§ DATA SHOWN
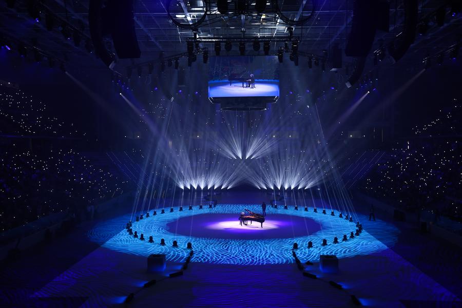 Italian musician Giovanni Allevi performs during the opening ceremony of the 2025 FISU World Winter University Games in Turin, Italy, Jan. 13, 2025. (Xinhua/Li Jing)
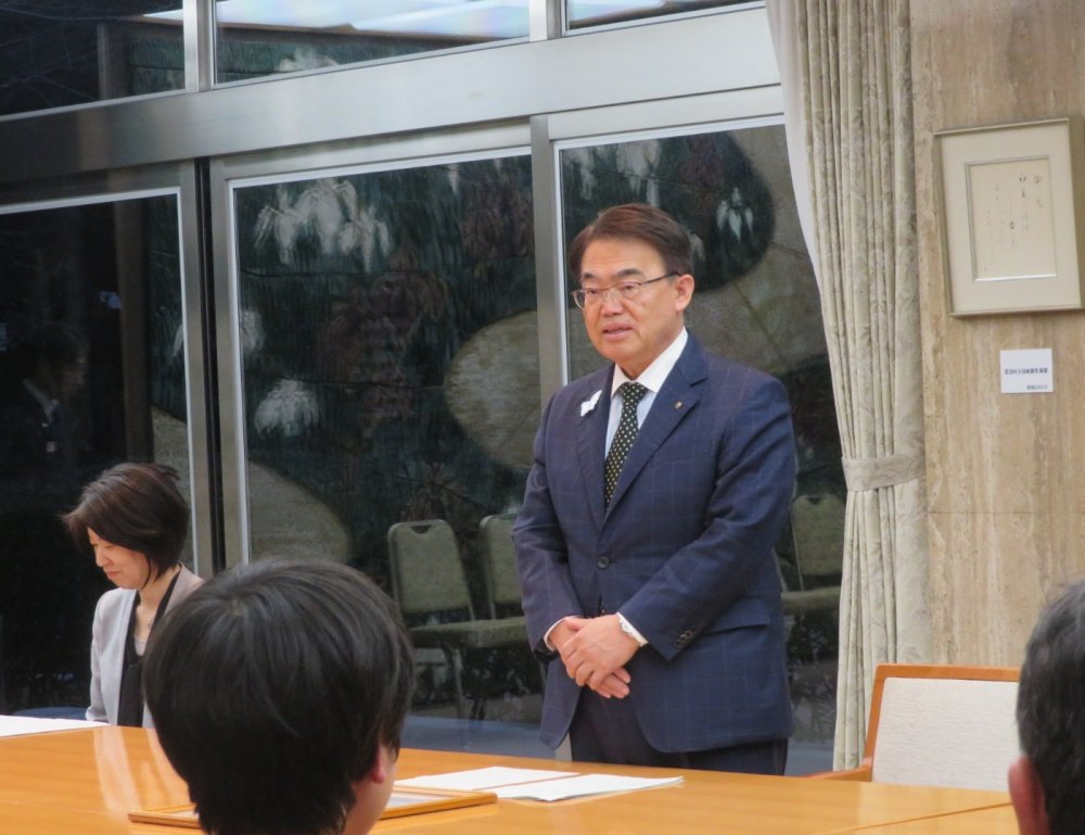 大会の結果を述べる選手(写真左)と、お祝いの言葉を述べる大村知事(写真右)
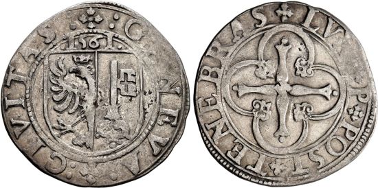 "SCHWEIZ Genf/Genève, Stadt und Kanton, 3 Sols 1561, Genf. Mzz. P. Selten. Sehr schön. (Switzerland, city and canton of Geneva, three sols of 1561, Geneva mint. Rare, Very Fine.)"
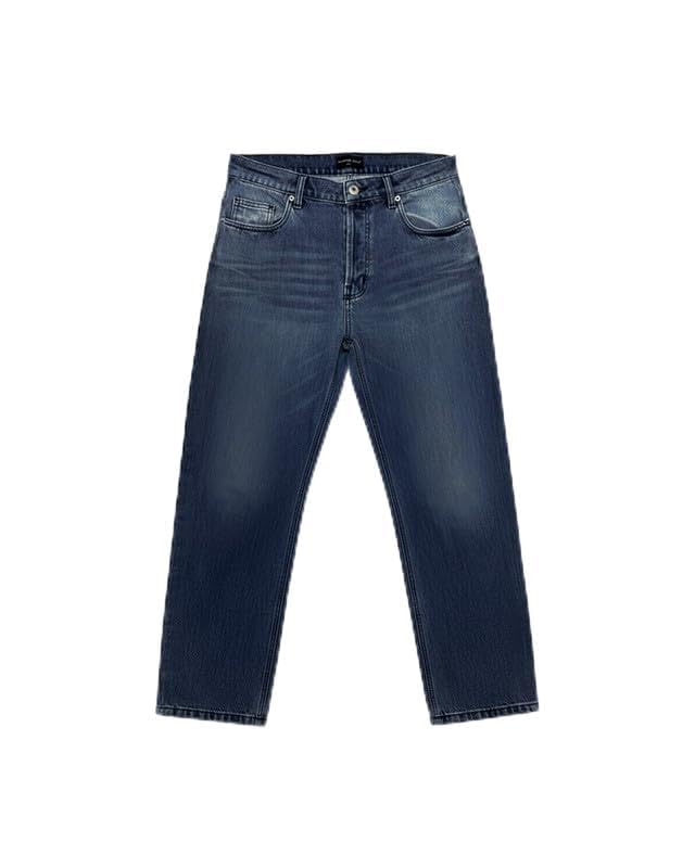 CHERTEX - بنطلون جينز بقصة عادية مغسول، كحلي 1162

§ TASK PROMPT
Print the full listing exactly, dropping the pictures.

§ SOLUTION TO THIS EXERCISE
 Italian musician Giovanni Allevi performs during the opening ceremony of the 2025 FISU World Winter University Games in Turin, Italy, Jan. 13, 2025. (Xinhua/Li Jing)
 大会の結果を述べる選手(写真左)と、お祝いの言葉を述べる大村知事(写真右)
 "SCHWEIZ Genf/Genève, Stadt und Kanton, 3 Sols 1561, Genf. Mzz. P. Selten. Sehr schön. (Switzerland, city and canton of Geneva, three sols of 1561, Geneva mint. Rare, Very Fine.)"
 CHERTEX - بنطلون جينز بقصة عادية مغسول، كحلي 1162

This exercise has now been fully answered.